=== WHAT TO DO ===
Omitting all pictures, copy word for word the lines from the line containing "With that said, let’s" through the final line of the entries.

Records from a data collection:

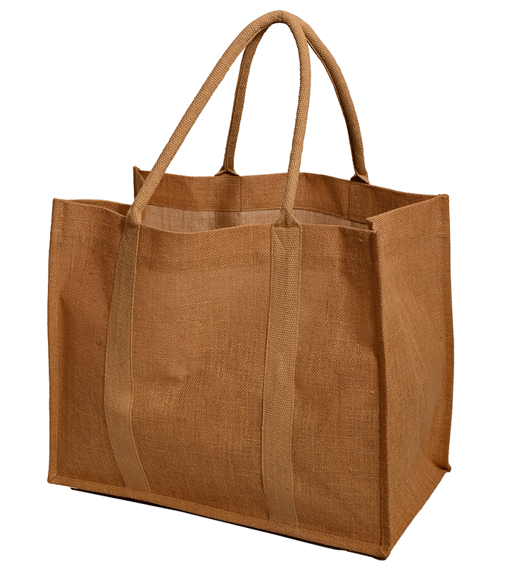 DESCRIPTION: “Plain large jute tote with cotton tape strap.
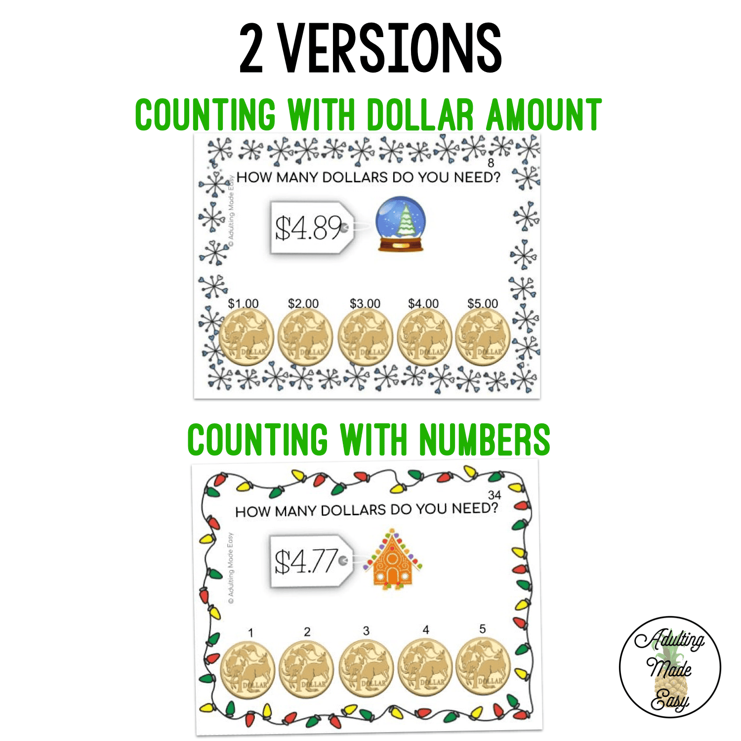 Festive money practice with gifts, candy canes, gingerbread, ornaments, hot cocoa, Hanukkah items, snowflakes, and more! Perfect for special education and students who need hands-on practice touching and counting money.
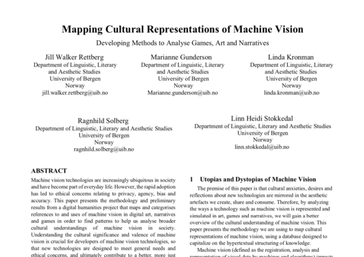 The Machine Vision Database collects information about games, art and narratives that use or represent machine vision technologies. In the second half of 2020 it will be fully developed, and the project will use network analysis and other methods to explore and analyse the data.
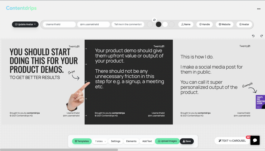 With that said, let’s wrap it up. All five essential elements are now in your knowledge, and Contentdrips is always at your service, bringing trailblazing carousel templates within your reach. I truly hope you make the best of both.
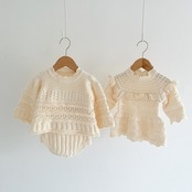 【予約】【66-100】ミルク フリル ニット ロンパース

=== WRITTEN RESPONSE ===
 With that said, let’s wrap it up. All five essential elements are now in your knowledge, and Contentdrips is always at your service, bringing trailblazing carousel templates within your reach. I truly hope you make the best of both.
 【予約】【66-100】ミルク フリル ニット ロンパース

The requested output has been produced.